Overall, rank adaptation in 5G MIMO systems plays a critical role in optimizing system performance by dynamically adjusting the spatial multiplexing configuration to match the prevailing channel conditions, traffic requirements, and quality of service (QoS) constraints. By effectively utilizing spatial diversity, rank adaptation helps achieve higher data rates, improved reliability, and enhanced spectral efficiency in wireless communication systems.

class toolkit5G.Scheduler.RankAdaptation(sigma, threshold=0.75, SNRdB=0, SNRdBmin=None, isRankIndicatorSubcarrierSpecific=False)[source]

This module estimates the number of layers (\(N_L\)) that can be supported for PDSCH transmission.

Parameters:
  • sigma (numpy array) – Defines the singular values from SVD of the channel. The rank is selected based on the eigen/singular values of the MIMO channel.

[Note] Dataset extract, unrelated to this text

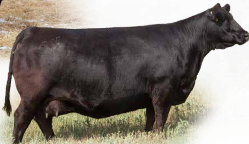
Brooking Beauty 333 - Granddam

This implementation accepts the sigma in following dimensions

    • (rank,): 1D array to support flat faded channel or channel for a single subcarrier of OFDM where rank is minimum of the number of antennas at transmitter and receiver denoted by rank \(= \text{min}\{N_t, N_r\}\).

    • (numSubcarriers, rank): 2D array to support flat faded multi-user channels or frequency selective OFDM channel where numSubcarriers will be number of users or number of subcarrier respectively.

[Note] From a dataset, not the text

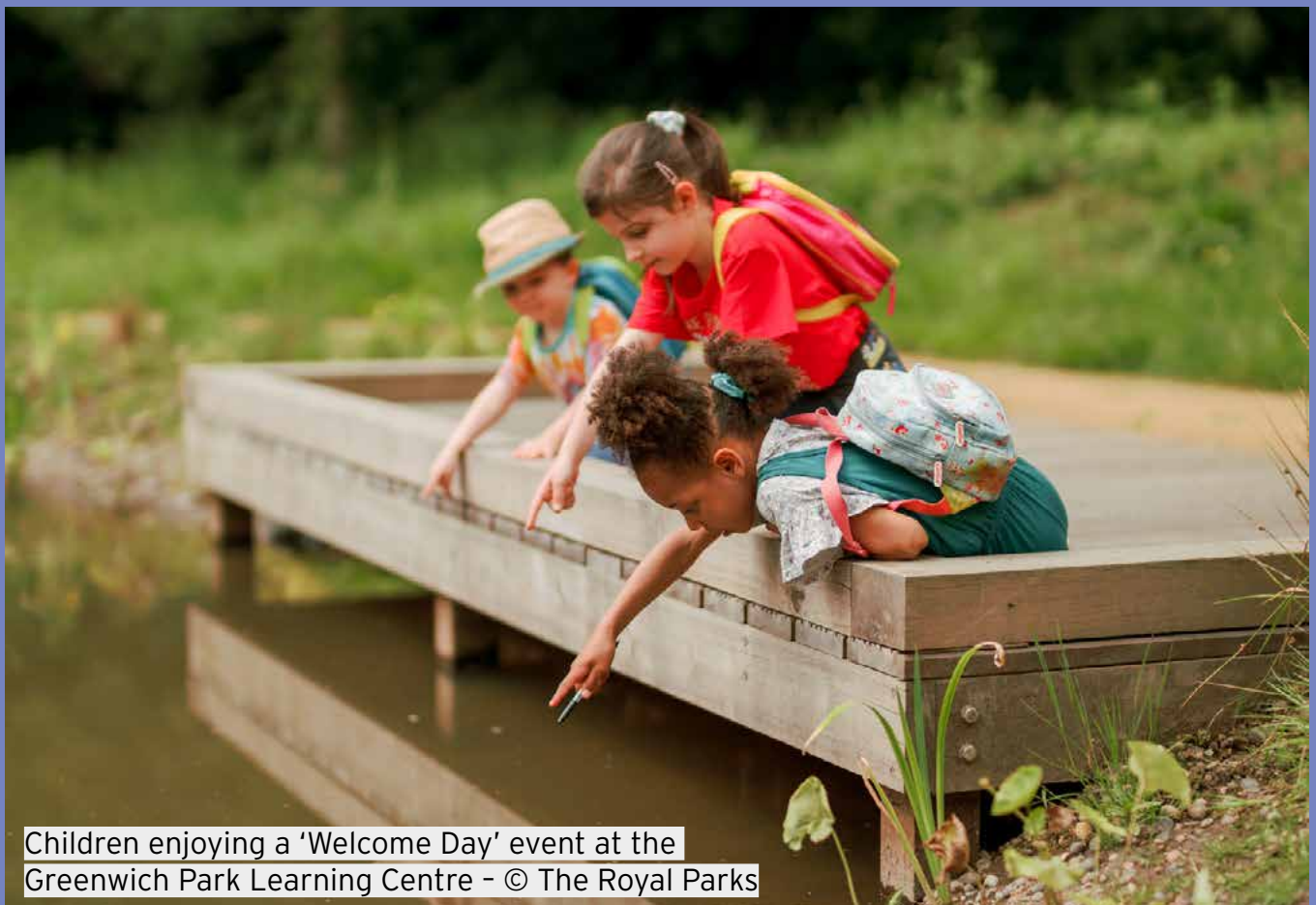
Children enjoying a 'Welcome Day' event at the Greenwich Park Learning Centre

    • (numBatches, numSubcarriers, rank): to support multi-batch/multi-user frequency selective channel.

  • threshold (float) – Defines the fraction of energy level to be captured by the selected rank where fraction is defined as \(\frac{\sum_{i=0}^{i=N_L} sigma[i]^2}{\sum_{i=0}^{i=rank} sigma[i]^2}\). The \(N_L\) denotes the number of layers selected for PDSCH/data transmission. The default value for this parameter is 0.75. This parameter is relevant only for “threshold-based” method

  • SNRdB (float) – Defines the preprocessing signal to noise ratio (SNR) in dB. It is computed as \(10\times log(\frac{P_t}{N_0})\). Default value is 0. This parameter is relevant only for “decodability-based” method.

  • SNRdBmin (float) – Defines the minimum SNR/SINR (in dB) required to decode the PDSCH data. This parameter depends on the modulation order and code rate (MCS) parameter. Default value is None. This parameter is relevant only for “decodability-based” method.

  • isRankIndicatorSubcarrierSpecific (boolean) – Defines a flag which controls the estimation of the number of layers (\(N_L\)). If this flag is True then the \(N_L\) is estimated for every subcarrier otherwise will return one \(N_L\) which suits all the subcarriers.

Input:

method (string) –

Defines the method used for rank estimation. Current implementation supports two methods {“threshold-based”, “decodability-based”}. Default value is “threshold-based”.

  • “threshold-based” method has lower complexity but results in poor performance.

  • “decodability-based” method` selects the maximum rank that can support a given modulation order. This methods considers the state of the link (sigma) and transmit parameter (SNRdB, SNRdBmin) while estimating the rank.

Output:

numpy array – returns the number of layers (\(N_L\)). The shape of the output is detailed below.

Note

The isRankIndicatorSubcarrierSpecific flag influences the shape of the output as follows:

  • If isRankIndicatorSubcarrierSpecific is True, the shape of output will be:

    • scalar indicating number of layers if shape of input is (rank,).

    • (numSubcarriers,) indicating number of layers (\(N_L\)) for each subcarrier if shape of input is (numSubcarriers, rank).

    • (numBatches, numSubcarriers) indicating number of layers (\(N_L\)) for each subcarrier and each batch if shape of input is (numBatches, numSubcarriers, rank).

  • If isRankIndicatorSubcarrierSpecific is False, the shape of output will be:

    • scalar indicating number of layers if shape of input is (rank,).

    • scalar indicating number of layers common for all the subcarriers if shape of input is (numSubcarriers, rank).

    • (numBatches,) indicating number of layers (\(N_L\)) common for each subcarrier but specific to each batch if shape of input is (numBatches, numSubcarriers, rank).

Raises:

ValueError – [Error-RankAdaptation]: ‘method’ can be either ‘decodability-based’ or ‘threshold-based’!